От ярости у Никиты побелело в глазах. Он забыл о пытливом взгляде Козарь, забыл о восторженных зрительницах; ему хотелось лишь одного: так напугать старую тварь, чтобы она обмочилась прямо здесь и уползла в свою нору опозоренной.
– Я не хотел говорить, Вера Павловна. – Его голос непритворно дрогнул. – Клянусь, не хотел!
– Что ты там опять придумал?
– Теперь я понимаю, что должен предупредить вас… Может быть, все еще можно изменить… Если вы покажетесь врачу…
– О чем ты, Никита? – Кудрявые дуры встревожились.
– Тихо! Не мешайте ему!
Мусин набрал воздуха в легкие.
– Антонина Петровна сказала, что вы скоро умрете.
Вокруг скомкалась тишина.
Раздавшийся мгновение спустя хриплый смех смыл с их лиц почти одинаковые маски изумления, и миру явились разочарование, облегчение, недовольство. Лишь Анна Козарь сохраняла невозмутимость.
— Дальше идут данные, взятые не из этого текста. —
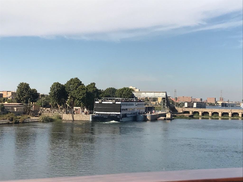 É bem interessante notar como os cruzeiros estacionam na beira do Nilo, um ao lado do outro, sendo necessário cruzar um ou dois navios até chegar no seu!

– Соври что-нибудь получше, Гнусин. Ох, прости, Мусин! – Шишига осклабилась и вдруг подмигнула ему, словно они вдвоем затеяли хорошую шутку. – Совсем памяти не стало! Значит, лет до ста проживу.
Глядя вслед удаляющейся старухе, Никита думал об одном: она должна сдохнуть в ближайшее время.
Глава 3
1
– …маятник всегда качается обратно, – громко говорил Илюшин, перекрикивая шум машин с Пресненской набережной. – Вспомни популярность Карнеги. «Завоюй, окажи влияние»! А сегодня модно быть социопатом. Ненавидеть общество, максимально дистанцироваться от него, устало говорить «эти люди», имея в виду человечество в целом, и усиленно предаваться мизантропии в своем сетевом дневнике, заведенном, впрочем, с той целью, чтобы его прочло как можно больше народу. Мизантропия без зрителей – яма, с публикой – пьедестал. В медийном, извини за выражение, пространстве, которое, кажется, исчерпало за столько лет своих героев, наконец-то нашелся новый.